Douglas Mackinnon is a Scottish film and television director from Portree, Isle of Skye.

He has directed many episodes of television drama and at least three television films.  His work includes Bodies, Gentlemen's Relish, Robin Hood, The Vice and numerous episodes of Doctor Who.

He also directed all six episodes of Terry Pratchett and Neil Gaiman's Good Omens.

Early life 
Mackinnon attended Portree High School on the Isle of Skye between 1967 and 1980. He then attended the National Film and Television School between 1985 - 1990.

Career

Film and television director 
Mackinnon directed the music video for The Proclaimers' song "Letter from America" in 1987. He then created the documentary series Home about the Isle of Skye. This series captured Skye Camanachd winning the Camanachd Cup in 1990.  In the 1990s, he directed episodes of several television drama series, including The Bill, Soldier Soldier and London's Burning.
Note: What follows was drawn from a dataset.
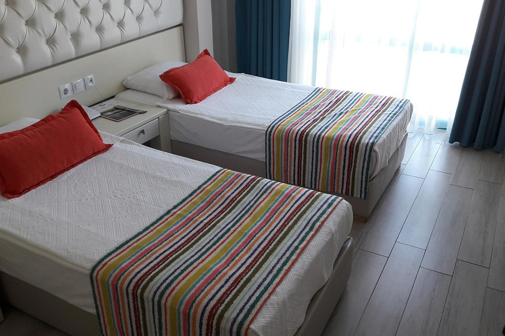Хотелът разполага общо с 123 стаи, разположени в 6-етажна сграда. - стандартни стаи с изглед суша (20м²), разполагат с френски тип прозорец / без балкон / Стандартни стаи с изглед море (24м²) с балкон, фамилни стаи с изглед море (40м²). Всички стаи са оборудвани с климатик, телевизор, телефон, баня с душ, сешоар, мини бар (безплатен, зареден само с вода), сейф (платен). Почистване на стаите - всеки ден, смяна на спалното бельо и кърпите - 3 пъти в седмицата.

He made his feature film directorial debut with The Flying Scotsman (2006), which was the gala premiere at the Edinburgh Festival in 2006 and was consequently picked up for worldwide distribution by MGM. He then went on to direct the first three episodes of Jekyll (2007) starring James Nesbitt, Michelle Ryan and Gina Bellman.  The show had nominations in the Emmy's and the Rose D'or for James Nesbitt.

He worked on eight episodes of the BBC's long-running sci-fi series Doctor Who between 2008 and 2015. He returned to work for the BBC to direct five episodes of the award-winning television series Line of Duty between 2012 and 2014. He then went on to direct a one-off episode of Sherlock, "The Abominable Bride", which won the Primetime Emmy Award for Outstanding Television Movie, for the BBC in 2016.
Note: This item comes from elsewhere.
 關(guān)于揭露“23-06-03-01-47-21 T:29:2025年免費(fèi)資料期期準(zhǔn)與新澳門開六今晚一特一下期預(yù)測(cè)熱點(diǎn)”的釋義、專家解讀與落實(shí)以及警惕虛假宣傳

Mackinnon was the lead Director and Executive Producer on Knightfall, a major new drama series for the History Channel/A&E Network, between 2016 and 2017. He also worked as a director on two episodes of the TV series Outlander in 2016.
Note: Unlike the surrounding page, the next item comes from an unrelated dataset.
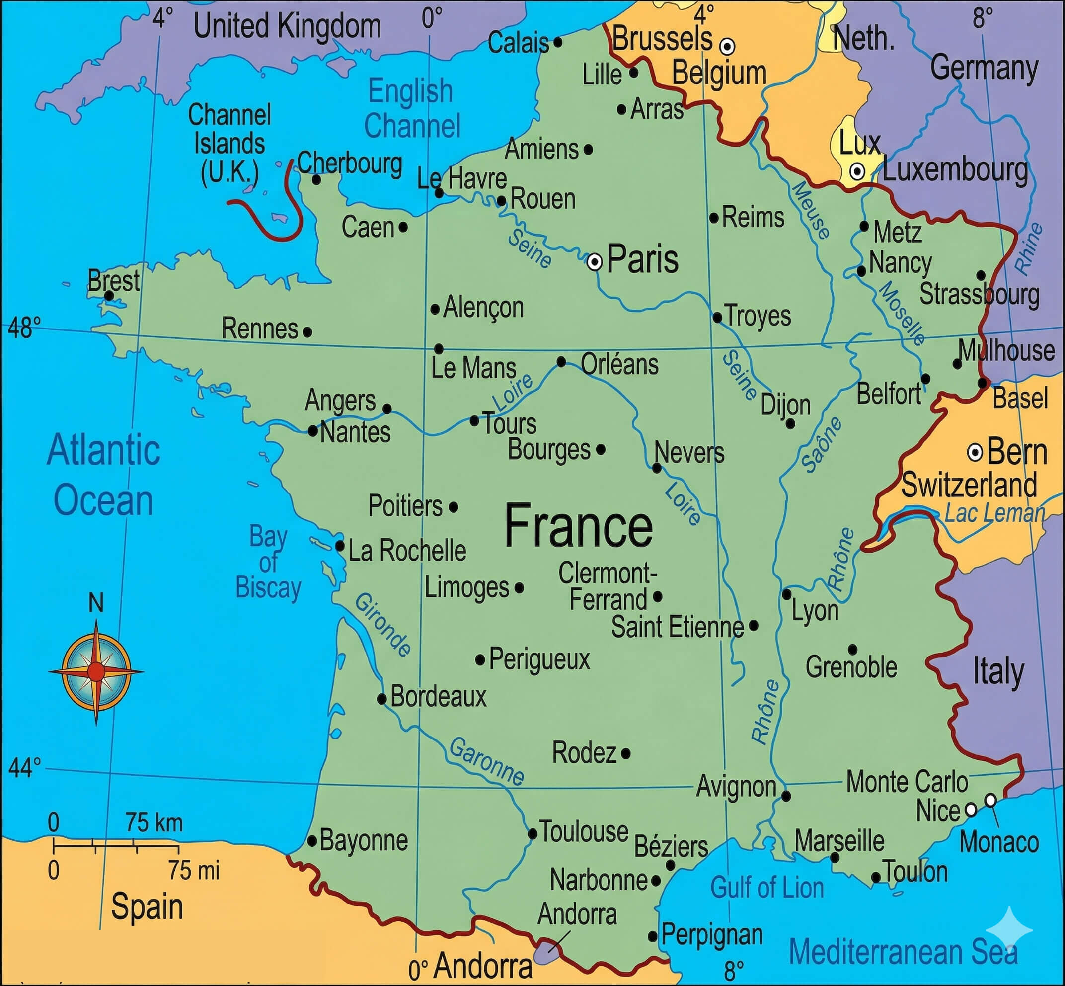 istanbul-city-guide.com offers a collection of France map, google map, France atlas, political, physical, satellite view, country infos, cities map and more map of France.

In 2017 Douglas was a director and executive producer of an adaption of Good Omens by Neil Gaiman and Terry Pratchett. It starred Michael Sheen and David Tennant and was created for Amazon and the BBC. All episodes were released on Amazon Prime Video on May 31, 2019, and aired weekly on BBC Two in the UK between January 15 and February 19, 2020. Among other accolades, the television series won the Ray Bradbury Award for Outstanding Dramatic Presentation at the Nebula Awards.

Other Occupations 
Douglas worked as a report author for the Scottish Government between July 2009 and September 2009 and reported on the state of the Scottish television production sector for the Culture minister.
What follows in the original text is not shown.